# "Single application per season fertilizer" from Menards



## jimmy (Jul 25, 2017)

https://hw.menardc.com/main/items/media/ECGRO001/Install_Instruct/260-1700.pdf (full label)

This is a Menard's brand, but looks to mostly "polymer coated urea"...claiming it releases up to 6 months. They sell a version with or without dithiopyr...but both are 35-0-6.

Has anyone tried a product like this?


----------



## HoosierLawnGnome (Sep 28, 2017)

No, I have not. I wouldn't use it for my goals, personally. It would supply far too little Nitrogen over the season at random times when it may not be helpful, like summer.

Pre-emergent goes down weeks before your turf likely needs a heavy dose of Nitrogen anyways, and I like to have more control over when the Nitrogen is released into the soil.

Spreading out 1 lb of Nitrogen per K over 6 months is underfeeding PR, fescue, or KBG. It needs much more than that unless you want a better-than-doing-nothing lawn.


----------



## jimmy (Jul 25, 2017)

I wasn't planning on trying it, just thought it was interesting and hadn't seen this before. Seems like an even easier solution than the classic 4 step programs for those who don't like to think about their lawn.

I spray prodiamine way before I apply fert, so I get it


----------



## HoosierLawnGnome (Sep 28, 2017)

Yeah, if you're the guy that has time to make one application a year in the spring, and will be happy with the results - this is the product for you!

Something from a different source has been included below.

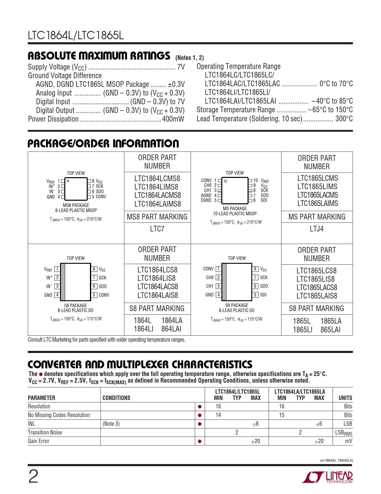 LTC1864L/LTC1865L WWWUABSOLUTE AXI U RATI GS (Notes 1, 2) Supply Voltage (V Operating Temperature Range CC) ... 7V Ground Voltage Difference LTC1864LC/LTC1865LC/ AGND, DGND LTC1865L MSOP Package ... ±0.3V LTC1864LAC/LTC1865LAC .. 0°C to 70°C Analog Input ... (GND – 0.3V) to (V LTC1864LI/LTC1865LI/ CC + 0.3V) Digital Input .. (GND – 0.3V) to 7V LTC1864LAI/LTC1865LAI ... – 40°C to 85°C Digital Output .. (GND – 0.3V) to (V Storage Temperature Range ... – 65 CC + 0.3V) °C to 150°C Power Dissipation .. 400mW Lead Temperature (Soldering, 10 sec)... 300°C UWUPACKAGE/ORDER I FOR ATIO ORDER PART ORDER PART NUMBER NUMBER TOP VIEW TOP VIEW LTC1864LCMS8 CONV 1 10 V LTC1865LCMS V 1 REF 8 VCC REF IN+ 2 7 SCK LTC1864LIMS8 CH0 2 9 VCC LTC1865LIMS IN¯ 3 6 SDO CH1 3 8 SCK GND 4 5 CONV LTC1864LACMS8 AGND 4 7 SDO LTC1865LACMS DGND 5 6 SDI MS8 PACKAGE LTC1864LAIMS8 LTC1865LAIMS 8-LEAD PLASTIC MSOP MS PACKAGE 10-LEAD PLASTIC MSOP T MS8 PART MARKING MS PART MARKING JMAX = 150°C, θJA = 210°C/W TJMAX = 150°C, θJA = 210°C/W LTC7 LTJ4 ORDER PART ORDER PART TOP VIEW NUMBER TOP VIEW NUMBER V 1 8 REF VCC LTC1864LCS8 CONV 1 8 VCC LTC1865LCS8 IN+ 2 7 SCK LTC1864LIS8 CH0 2 7 SCK LTC1865LIS8 IN– 3 6 SDO LTC1864LACS8 CH1 3 6 SDO LTC1865LACS8 GND 4 5 CONV LTC1864LAIS8 GND 4 5 SDI LTC1865LAIS8 S8 PACKAGE S8 PACKAGE 8-LEAD PLASTIC SO S8 PART MARKING 8-LEAD PLASTIC SO S8 PART MARKING TJMAX = 150°C, θJA = 175°C/W 1864L 1864LA TJMAX = 150°C, θJA = 175°C/W 1865L 1865LA 1864LI 864LAI 1865LI 865LAI Consult LTC Marketing for parts specified with wider operating temperature ranges. UUWCO VERTER A D ULTIPLEXER CHARACTERISTICSThe ● denotes specifications which apply over the full operating temperature range, otherwise specifications are TA = 25 ° C.VCC = 2.7V, VREF = 2.5V, fSCK = fSCK(MAX) as defined in Recommended Operating Conditions, unless otherwise noted. ● LTC1864L/LTC1865L LTC1864LA/LTC1865LAPARAMETERCONDITIONSMINTYPMAXMINTYPMAXUNITS Resolution ● 16 16 Bits No Missing Codes Resolution ● 14 15 Bits INL (Note 3) ● ±8 ±6 LSB Transition Noise 2 2 LSBRMS Gain Error ● ±20 ±20 mV sn18645L 18645Lfs 2

But 6 months of release time??? Paying a lot for polymer coating!


----------



## g-man (Jun 15, 2017)

I saw it in their ad last week and thought it was weird. It is applying it at a rate of 2.3lb of N/ M. Like HGL said, it might still be fertilizing into the summer, which could cause more stress.


----------



## Green (Dec 24, 2017)

Interesting. I've heard about this sort of thing.

If the slow release is well-controlled (you'd have to understand the environmental conditions well to get proper timings for a certain area; but there are studies out there about slow-release strategies, and though a relatively new strategy the past few decades, it's been proven), it would in theory be a good solution for low-input lawns. Of course, the person using it might want to go slightly lighter in Spring and heavier in late Summer/early Fall with Cool Season grass types. At 2.3 lbs/K N rate, it's still putting down a decent pinch of quick release N. If you put it down in mid August, in the cool-season regions of the Northeast/upper mid-Atlantic or Midwest, you had better pray for enough rain after that point.

My thoughts: This could be an awesome solution for your average person in the Northeast with a mostly Fine Fescue lawn, who waters only occasionally, and only uses 1-2 lbs of N per year per thousand square feet...maybe half label rate in April or May, and then again in August.

I would assume that PCSCU would be better (more controlled release) for this use than the PCU they use...but also more expensive.

In any case, we don't have Menards in this part of the country.


----------



## Green (Dec 24, 2017)

So, after watching @thegrassfactor 's video about N sources, I'm even more convinced that a product like this should have really been using both polymer and Sulfur coatings, because most polymer coatings release N at a steady rate above a certain temperature, rather than using moisture.


----------